▸ Task input
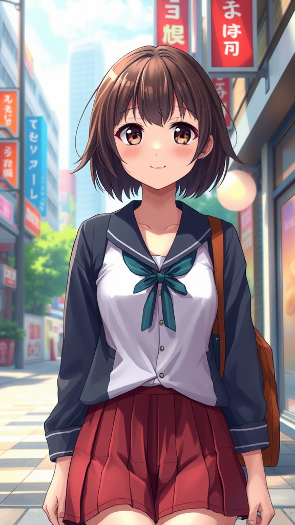 A charming anime girl strolls down a vibrant city street, her school uniform catching the light with its rich, detailed textures. Her expressive eyes reflect a blend of curiosity and wonder, embodying the essence of a visual novel key visual. The scene is a blend of realistic anime 3D style, showcasing the high school girl's elegance and grace. Set in a painterly anime studio style, this art captures the youthful spirit and beauty of a realistic schoolgirl, merging fantasy and reality in a captivating display of artistic skill.
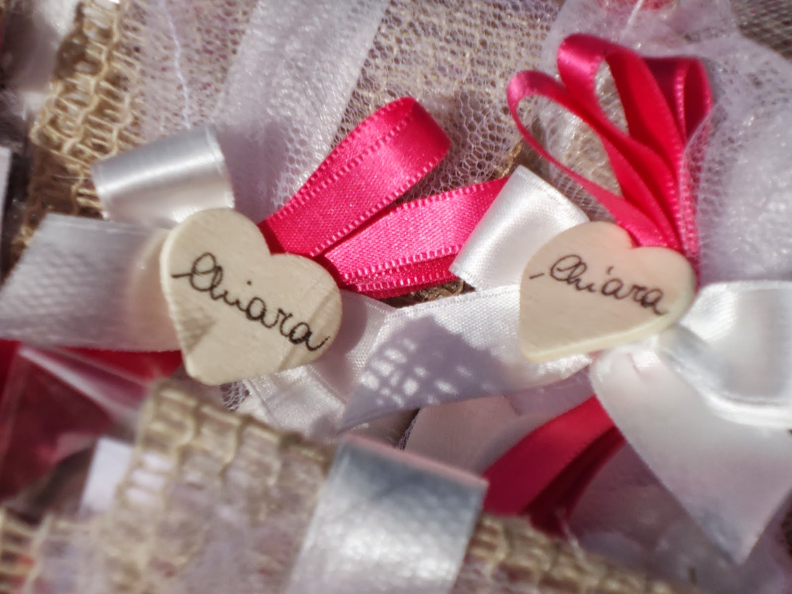 Stamattina è arrivato il momento di Chiara.... che dire Chiara è una ragazzina dolcissima .... d'altronde come la sua mamma .... una super mamma, un'amica, insomma una persona molto cara. Quando la mamma di Chiara è venuta a scegliere le bomboniere mi ha detto ..."voglio qualcosa con il tulle come le bomboniere di una volta" ..... e allora pensa ... pensa mi è venuta l'idea di proporgli il sacchettino in tulle ... tulle si ma in chiave moderna.... all'interno confetti alla mandorla e per finire un rosario fatto a mano da una persona che realizza cosine all'uncinetto veramente deliziose.
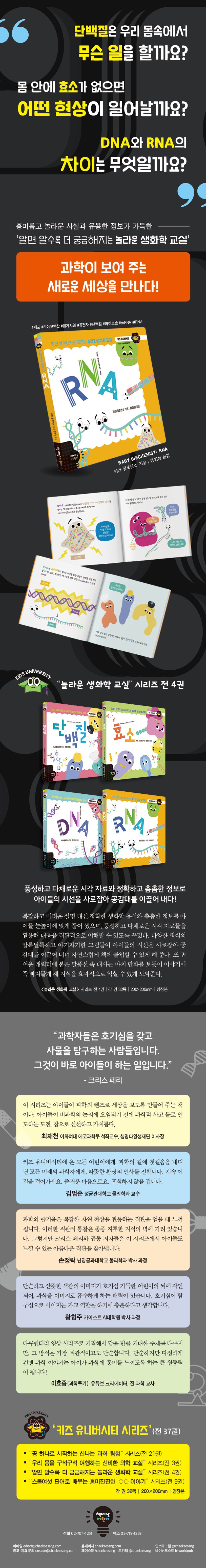 《RNA》는 우리 몸 안의 세포에서 일어나는 모든 일이 순조롭게 이루어지도록 돕는 RNA의 임무와 모양, RNA가 가진 능력과 쓰임새를 어린이 눈높이에 맞춰 간결하지만 정확하게 설명하고, 흥미롭고 놀라운 내용을 짜임새 있는 인포그래픽 형식으로 보여 주는 그림책이다.
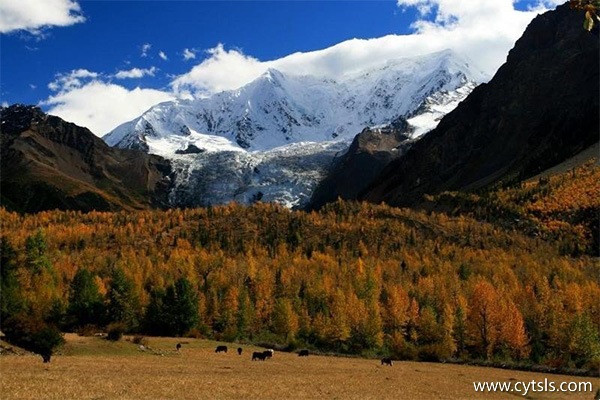 直入云霄的山脈披著冰雪的外殼,連綿起伏的雪山孕育了龐大的冰川,千百年來來古冰川帶著目酣神醉的景色對(duì)守護(hù)著它們的藏民做出了慷慨的回饋。
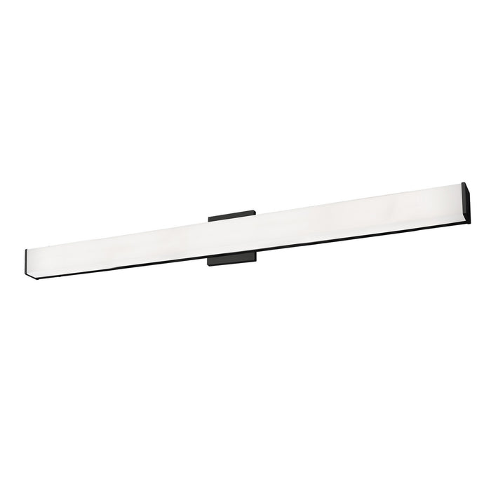 An extruded square diffuser surrounds the LED source of the geometric vanity fixture and gently spreads light. Enclosed at the ends by two thick caps the design is characterized by minimal details and clever features. During installation the lamp assembly may slide on the mounting track to allow for ideal positioning. Adding to the versatile function are the multiple fixture lengths and mounting orientations. Optional installation without backplate for smaller junction boxes.
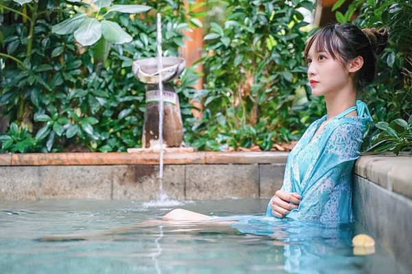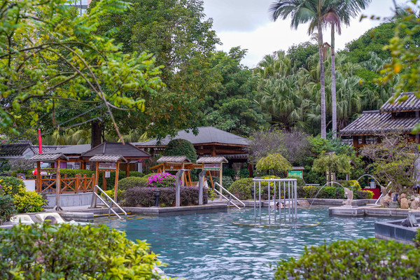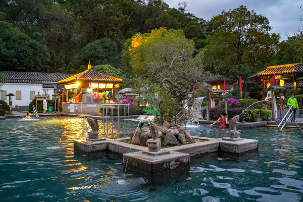 漫步园区,环境幽美,让人倍感恬静。暮色微凉,精致的亭台灯火阑珊,将水面照得楚楚动人,四周绿植相映成趣,颇有一番意境。这里的汤池水质清澈,富有多种矿物质和微量元素,保健养生,水质极好。园内设有玫瑰花泉、柠檬池、红酒池、咖啡池、枸杞泉等,功效齐全。
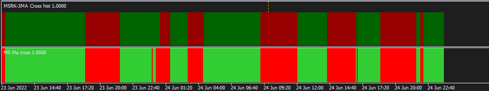 In the attached picture, if M15 and H4 timeframe are aligned in the same trend, it will be colored.

▸ Task
Using the data above, retype exactly and only the lines from the one containing "보여 주는 그림책이다." up to and including the one containing "直入云霄的山脈披著冰雪的外殼", with no pictures carried over.

▸ Written answer
 《RNA》는 우리 몸 안의 세포에서 일어나는 모든 일이 순조롭게 이루어지도록 돕는 RNA의 임무와 모양, RNA가 가진 능력과 쓰임새를 어린이 눈높이에 맞춰 간결하지만 정확하게 설명하고, 흥미롭고 놀라운 내용을 짜임새 있는 인포그래픽 형식으로 보여 주는 그림책이다.
 直入云霄的山脈披著冰雪的外殼,連綿起伏的雪山孕育了龐大的冰川,千百年來來古冰川帶著目酣神醉的景色對(duì)守護(hù)著它們的藏民做出了慷慨的回饋。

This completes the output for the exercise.